SUPPLIED DATA
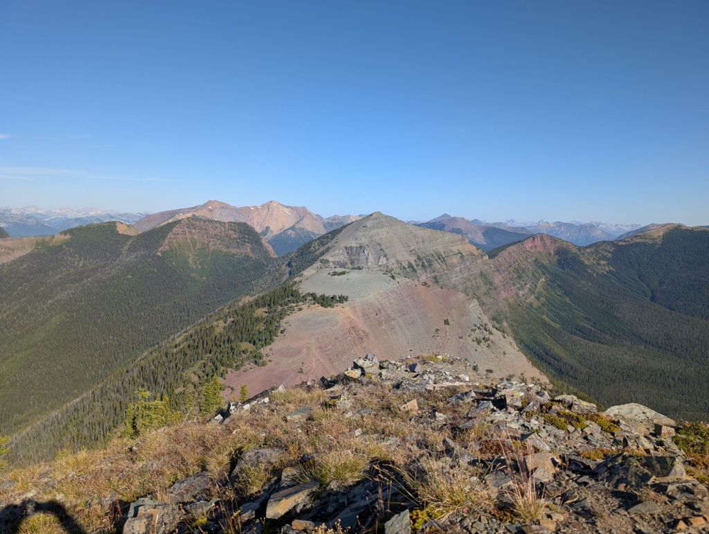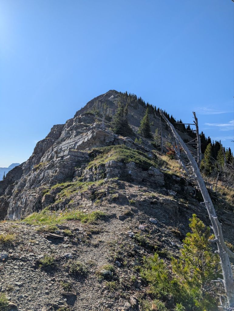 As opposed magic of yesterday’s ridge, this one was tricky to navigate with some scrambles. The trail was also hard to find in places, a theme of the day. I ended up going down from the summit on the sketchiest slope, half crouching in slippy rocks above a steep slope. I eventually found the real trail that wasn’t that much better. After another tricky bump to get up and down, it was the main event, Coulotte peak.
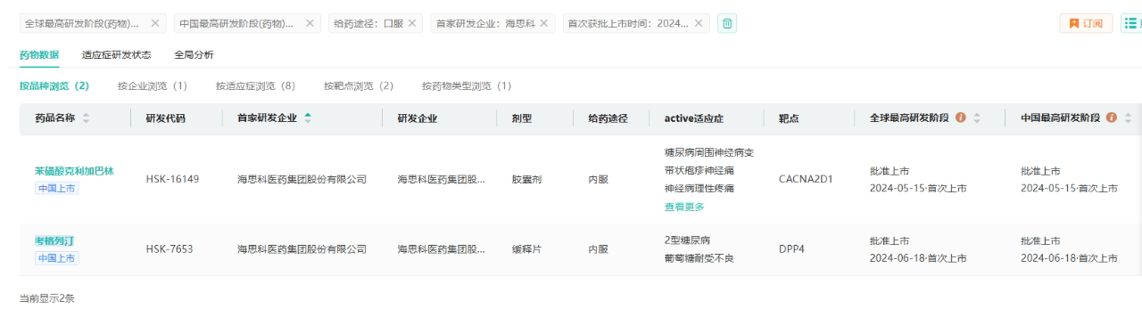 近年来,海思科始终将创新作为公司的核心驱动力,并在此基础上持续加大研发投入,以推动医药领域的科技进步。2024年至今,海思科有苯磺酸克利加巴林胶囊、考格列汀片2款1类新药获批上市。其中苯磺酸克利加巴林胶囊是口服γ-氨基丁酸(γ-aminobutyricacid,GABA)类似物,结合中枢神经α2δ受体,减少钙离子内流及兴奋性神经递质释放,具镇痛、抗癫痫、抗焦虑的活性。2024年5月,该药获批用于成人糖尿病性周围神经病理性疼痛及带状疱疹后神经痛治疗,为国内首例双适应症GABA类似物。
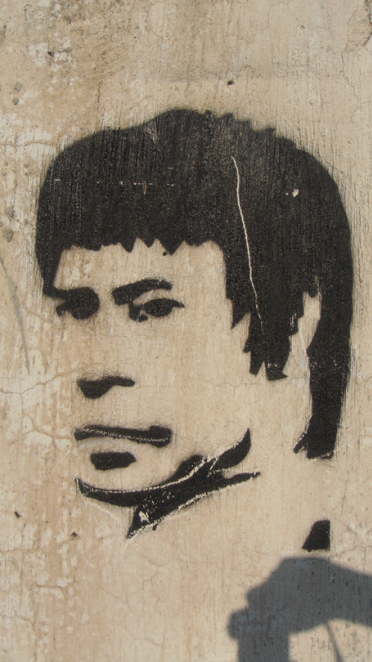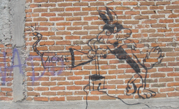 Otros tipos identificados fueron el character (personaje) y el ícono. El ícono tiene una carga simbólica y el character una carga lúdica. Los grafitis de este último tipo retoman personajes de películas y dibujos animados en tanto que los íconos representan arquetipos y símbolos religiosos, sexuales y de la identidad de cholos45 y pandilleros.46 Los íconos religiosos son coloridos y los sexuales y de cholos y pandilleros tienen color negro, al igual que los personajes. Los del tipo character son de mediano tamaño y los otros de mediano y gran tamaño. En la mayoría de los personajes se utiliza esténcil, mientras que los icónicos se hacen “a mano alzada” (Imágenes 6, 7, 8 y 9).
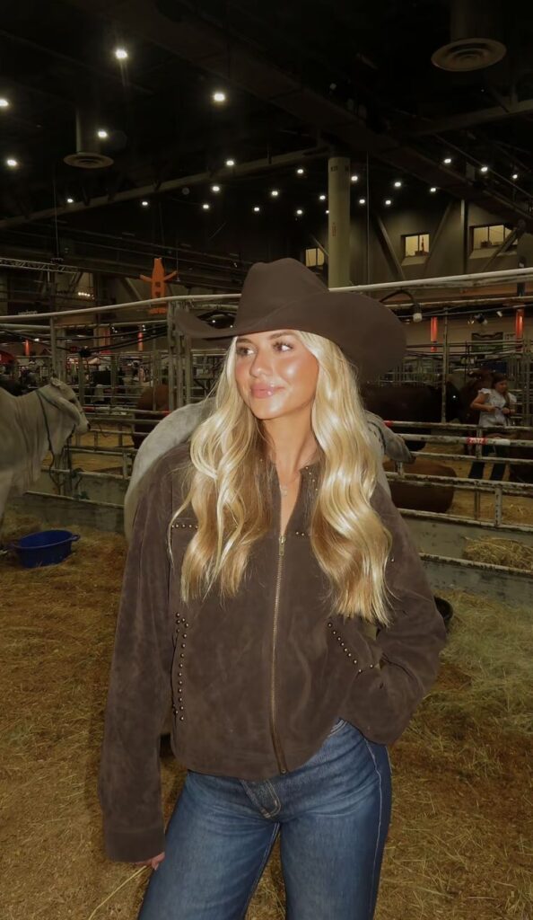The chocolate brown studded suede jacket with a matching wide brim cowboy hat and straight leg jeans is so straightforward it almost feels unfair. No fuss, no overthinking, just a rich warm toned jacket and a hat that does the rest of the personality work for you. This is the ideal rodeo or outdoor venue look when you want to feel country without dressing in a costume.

TASK REQUIREMENTS
Could you print the whole listing again, exactly, leaving the pictures out?

WRITTEN SOLUTION
 As opposed magic of yesterday’s ridge, this one was tricky to navigate with some scrambles. The trail was also hard to find in places, a theme of the day. I ended up going down from the summit on the sketchiest slope, half crouching in slippy rocks above a steep slope. I eventually found the real trail that wasn’t that much better. After another tricky bump to get up and down, it was the main event, Coulotte peak.
 近年来,海思科始终将创新作为公司的核心驱动力,并在此基础上持续加大研发投入,以推动医药领域的科技进步。2024年至今,海思科有苯磺酸克利加巴林胶囊、考格列汀片2款1类新药获批上市。其中苯磺酸克利加巴林胶囊是口服γ-氨基丁酸(γ-aminobutyricacid,GABA)类似物,结合中枢神经α2δ受体,减少钙离子内流及兴奋性神经递质释放,具镇痛、抗癫痫、抗焦虑的活性。2024年5月,该药获批用于成人糖尿病性周围神经病理性疼痛及带状疱疹后神经痛治疗,为国内首例双适应症GABA类似物。
 Otros tipos identificados fueron el character (personaje) y el ícono. El ícono tiene una carga simbólica y el character una carga lúdica. Los grafitis de este último tipo retoman personajes de películas y dibujos animados en tanto que los íconos representan arquetipos y símbolos religiosos, sexuales y de la identidad de cholos45 y pandilleros.46 Los íconos religiosos son coloridos y los sexuales y de cholos y pandilleros tienen color negro, al igual que los personajes. Los del tipo character son de mediano tamaño y los otros de mediano y gran tamaño. En la mayoría de los personajes se utiliza esténcil, mientras que los icónicos se hacen “a mano alzada” (Imágenes 6, 7, 8 y 9).
The chocolate brown studded suede jacket with a matching wide brim cowboy hat and straight leg jeans is so straightforward it almost feels unfair. No fuss, no overthinking, just a rich warm toned jacket and a hat that does the rest of the personality work for you. This is the ideal rodeo or outdoor venue look when you want to feel country without dressing in a costume.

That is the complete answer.